Tuesday, January 12, 2010

Blending Together

I feel like I have seen a bajillion houses now, actuality is that we have seen like 5, but I have peeked in numerous windows and learned that almost no house is totally secure when someone is motivated to get a look inside. I am not saying that I am breaking and entering, however, on occasion I have been known to test the locking capability of a few windows here and there. The most humorous thing I find is when I gain access to a house that I hear Kendal crashing in behind me in a less subtle manner.  Always fun to see her half hanging in a window asking me for help,  I wonder what would happen if I left her to her own devices.  I would probably be going to the hospital! For me, not because she bit it onto the floor!

So I guess an update is in order? You would think that with a purchase this big and life changing I would be a little more discerning considering the circumstances, with almost every major purchase, I meticulously look into every little area to see if it is the correct purchase.  It seems with houses I have some sort of fire under my ass, because every time I see one I like, it immediately becomes a fire drill, and we have to immediately start the contract process.  I think this is two fold: 1) because Kendal is going to go into stress out melt down mode if we are not under contract in the next month with the impending end of the 8K tax credit 2) I believe there is a certain amount of inability to relax in a place that isn't truly your own. The first one is self explanatory.  While this has not come to fruition I know my girl and I can feel that magma starting to rise to the surface, like any dormant volcano, the pressure has to build before it can pass through the layers of earth that prevent it from exploding.  The steam has not yet begun to come out her ears, but I got the first warning sign the other day when she told me she was worried.  Doesn't sound like much, but worried with Kendal can turn into full blown Titanic like disaster if you don't plug the hole quickly. So for the sake of sanity and overall well being, my usual anal desire to dig right down to the foundations of the house myself has been replaced with a cursory overview of the rooms and hallways. I am not allowed to actually dig and I love my girl, and want to make her happy, so I will do whatever it takes, even if it means changing the way I conduct myself.  The second reason is that after 33 years I realize that I have never been able to do exactly what I wanted because I have never had a place of my own.  I am very relaxed in my parents house, but I grew up there, I am very relaxed at my brothers place because it is just a nice place to be, but I can't say that you are 100% at home until you pay the bills.  So that seems to be playing into my discomfort and impatience.
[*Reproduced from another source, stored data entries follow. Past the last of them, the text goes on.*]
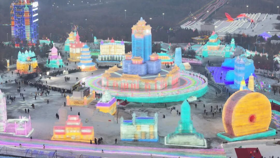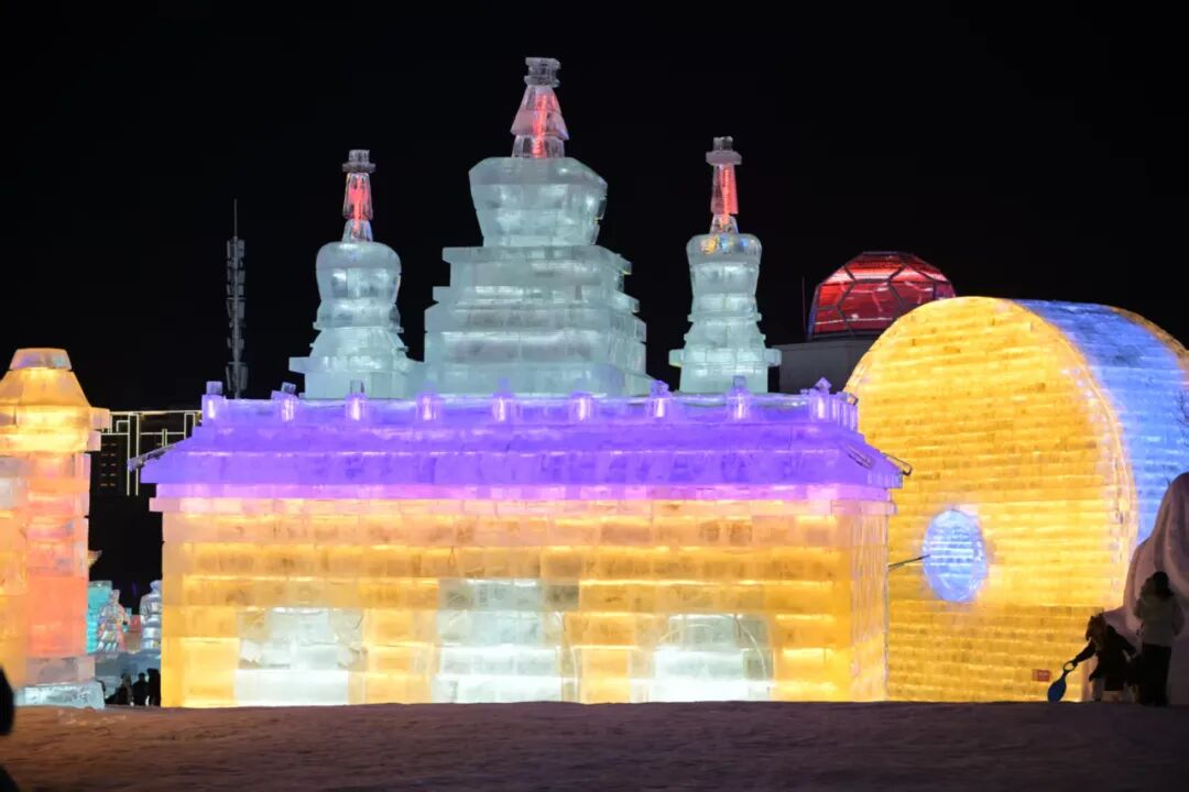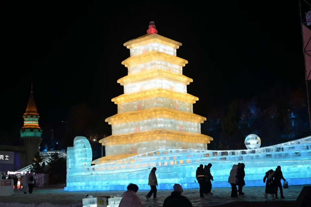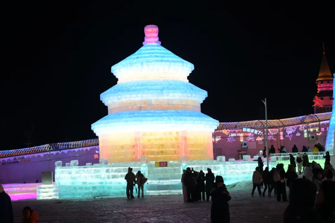 此外,长春冰雪新天地还将全国各地的地标“搬”进了园区里,惟妙惟肖的长春站、西安的大雁塔、北京的天坛、苏州的东方之门等冰雕让游客一园看遍全国美景。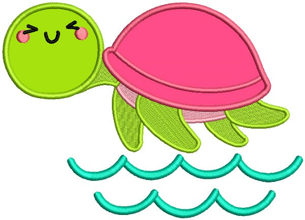 Cute Little Turtle With Waves Applique Machine Embroidery Design Digitized Pattern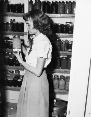 Yolanda Ellis is shown here in the well-stocked pantry where blue ribbon canned goods and preserves fill the shelves. Published in Fort Worth Star-Telegram morning edition December 3, 1950.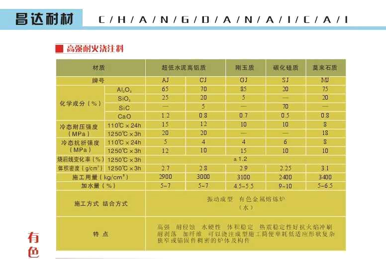 1、水泥用量低,澆注料中含鈣量?jī)H為傳統(tǒng)耐火澆注料的1/4-1/3。因此,減少了低水泥澆注料中低熔相的數(shù)量,從而使高溫性能能明顯改善;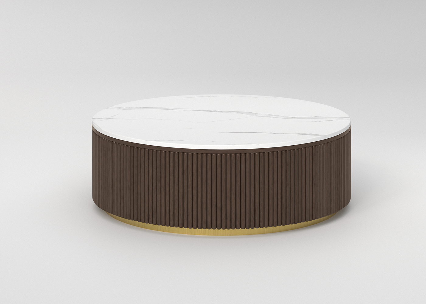 | Model: | 104852411 | Type: | Coffee table | Size: | DIA1000*350MM | Material: | Sintered stone+MDF with ash veneer walnut color+stainless steel brushed plating golden color | Color: | White | Base/leg Color: | Walnut +Gold |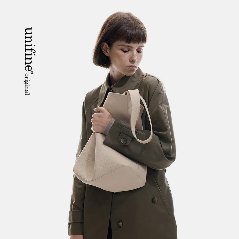 unifine通勤包包电脑大包托特包女大容量女包牛皮极简大水桶包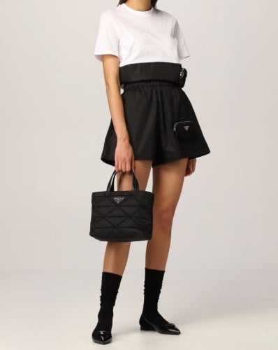 💕 프** 고급 리나일론 나파 트라이앵글 퀼팅 패딩 더블핸들 지퍼 포켓 토트 블랙
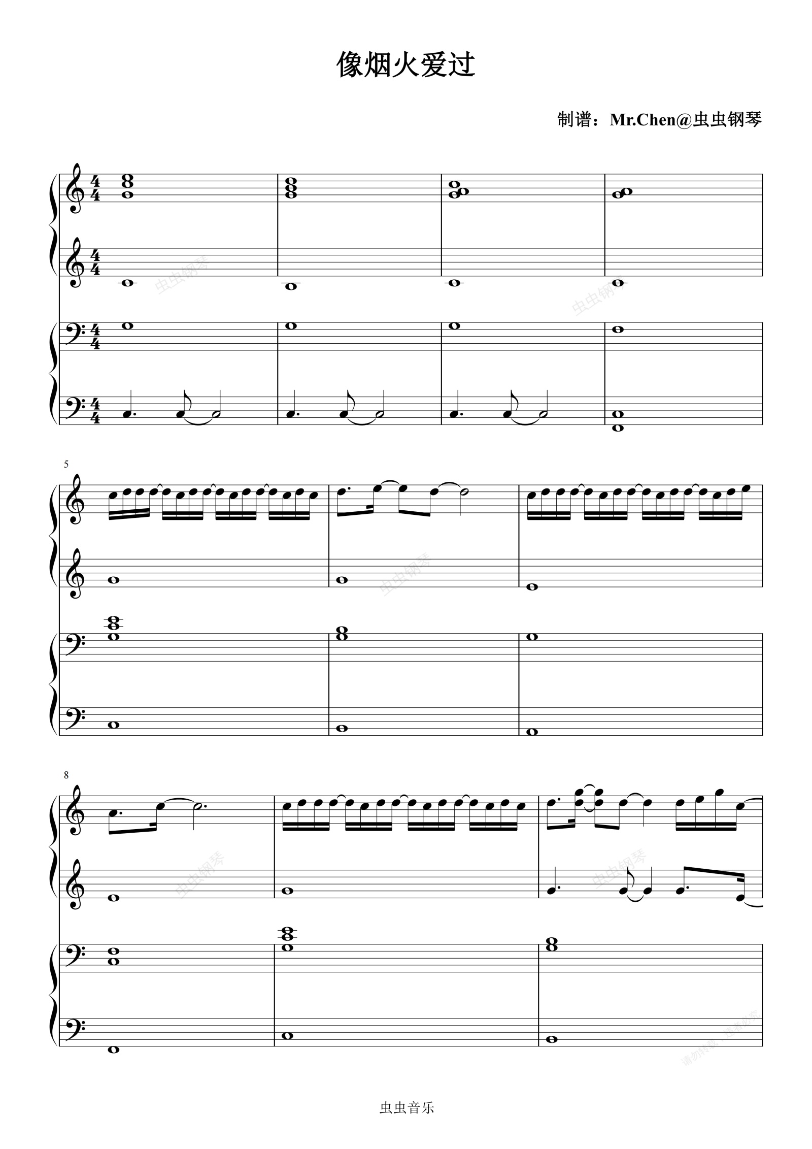 钢琴谱:像烟火爱过 (四手联弹)C调 - 影视剧《许我耀眼》主题曲 单依纯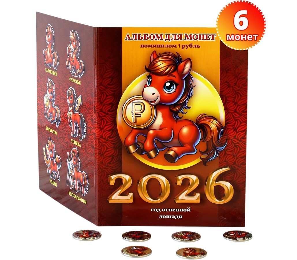 Набор монет «2026 — Год Огненной Лошади» в альбоме

So we found a house we like and guess what it is in Roswell, yes the suburbs...ACCCCKKKK.  CALL THE NATIONAL GUARD! It's a nice neighborhood and it feels homey.  We are going to see two more this weekend and they are comparable so I will update you on what we find, but I think we are getting closer. I mean I gave away my life history to the mortgage guy the other day so that is at least progress.
Keep your fingers crossed, I think our dream house is out there, if it was completely my choice I would have scrambled the team and bid on the open house we saw, but then again I am only 49.9% of the decision making.

So wishing us good luck and happy hunting!